Authentication Edge Cases

  • Session refresh during long edits: Users who kept the editor open for extended periods (over one hour) would occasionally see a "Session expired" error on save. The token refresh logic now proactively renews sessions 10 minutes before expiry rather than waiting for an API call to fail.

  • SSO redirect loop on mobile Safari: Fixed an infinite redirect loop that occurred when signing in via SAML SSO on mobile Safari with Intelligent Tracking Prevention enabled. The fix adds explicit SameSite cookie attributes and uses a server-side relay page for the OAuth callback.

Export and Import

  • CSV export encoding: Exporting prompts to CSV now correctly handles Unicode characters in all fields. Previously, prompts containing emoji or non-Latin scripts would produce garbled output in some spreadsheet applications. We switched to UTF-8 with BOM encoding, which is recognized by Excel, Google Sheets, and Numbers.
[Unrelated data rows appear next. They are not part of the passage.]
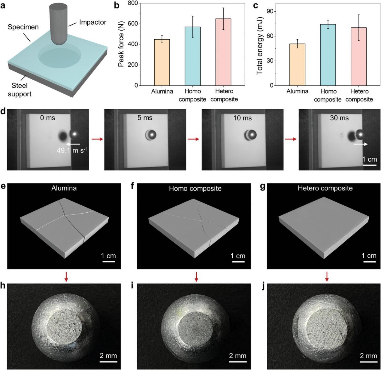 图4 动态冲击力学性能研究。a)显示落锤冲击试验设置的示意图。b)氧化铝、均质珍珠状陶瓷–树脂复合材料和非均质珍珠状陶瓷–树脂复合材料落锤冲击峰值力的比较。c)氧化铝、均质复合材料和异质复合材料在落锤冲击试验中吸收总能量的比较。d)显示非均匀复合材料弹道冲击过程的高速摄像机快照。e-g)氧化铝、均质复合材料和异质复合材料典型试样在弹道冲击试验后的x射线断层扫描图像。h-j)光学显微镜图像显示了典型的氧化铝弹丸在撞击氧化铝、均质复合材料和异质复合材料后具有不同的塑性变形区域;© 2023 Wiley-VCH GmbH.
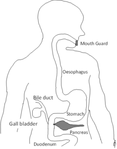 This diagram shows the route taken by the Endoscopic Ultrasound (EUS) instrument from the mouth, down the oesophagus, into the stomach and then into the duodenum where it is able to inspect for abnormalities in the pancreas, the bile duct, lymph glands and many other areas.
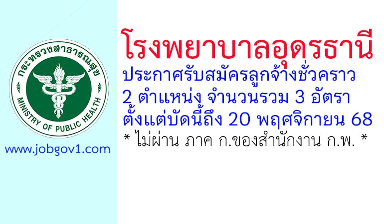 โรงพยาบาลอุดรธานี รับสมัครลูกจ้างชั่วคราว 3 อัตรา ตั้งแต่บัดนี้ถึง 20 พฤศจิกายน 2568

  • JSON import validation: The bulk import endpoint now provides specific, actionable error messages when a JSON file contains invalid entries, rather than rejecting the entire file with a generic error. Each invalid entry is reported with its line number and the specific validation failure.

Other Fixes

  • Fixed a layout shift in the execution log table when the latency column contained values over 10 seconds.
  • Resolved an issue where duplicate webhook deliveries could occur if the target server returned a 200 status with an empty body.
  • Fixed workspace invitation emails not being sent when the inviter's display name contained special characters.